Perlentaucher-Notiz zur F.A.Z.-Rezension

Rezensent Jürgen Zimmerer sieht etwas Licht in einen dunklen Teil der DDR-Geschichte und der Wiedervereinigung fallen mit dem von Birgit Neumann-Becker und Hans-Joachim Döring herausgegebenen Tagungsband zu Honeckers "Vertragsarbeiterabkommen" mit Mosambik, zum Leid der nach der Wiedervereinigung ihrem Schicksal überlassenen Rückkehrer und zur Haltung der Bundesrepublik zu ihren Schadensersatzforderungen. Für Zimmerer machen die Beiträge und Zeitzeugenberichte im Band nicht nur deutlich, wie menschenverachtend die DDR mit ihren Gastarbeitern umging, sondern auch, wie gleichgültig sich die Regierung Merkel weiterhin gegenüber den Kompensationsforderungen der Mosambikaner verhält.

© Perlentaucher Medien GmbH

Frankfurter Allgemeine Zeitung - Rezension
Frankfurter Allgemeine Zeitung | Besprechung von 09.02.2021

Ein Lehrstück in angeblicher "Solidarität"
Das Schicksal der Vertragsarbeiter aus Moçambique in der DDR

Auch dreißig Jahre nach der Wiedervereinigung demonstrieren einige ihrer Opfer jeden Mittwoch!
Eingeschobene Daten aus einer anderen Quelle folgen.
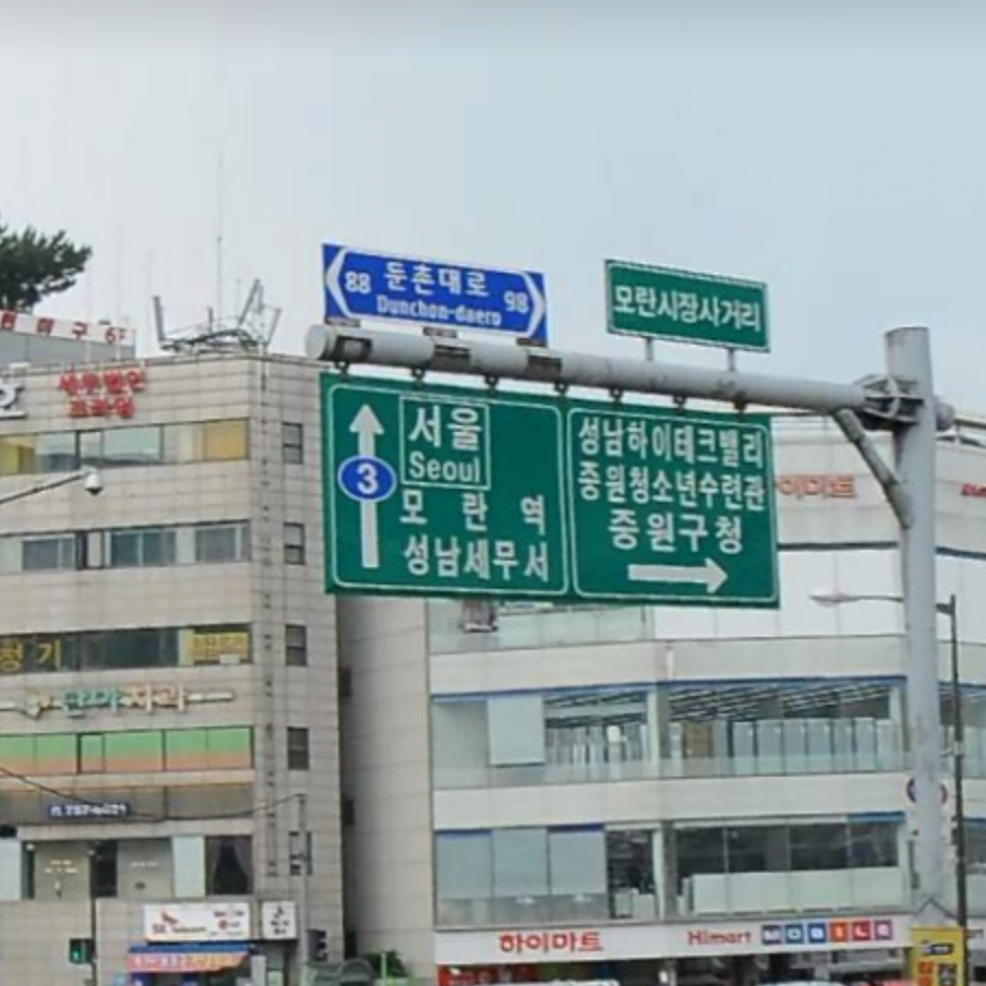 모란시장사거리는 녹색 표지판을 사용한 모습이다

Sie tun es jedoch nicht in Berlin oder Dresden, sondern mehr als 10 000 Kilometer entfernt in der moçambiquanischen Hauptstadt Maputo. Die "Madgermanes", wie sie genannt werden, wollen Anerkennung ihres Leids und des an ihnen verübten Betrugs: Sie wollen Transparenz, und sie wollen Kompensation beziehungsweise endlich das erhalten, was ihnen ihrer Meinung nach zusteht.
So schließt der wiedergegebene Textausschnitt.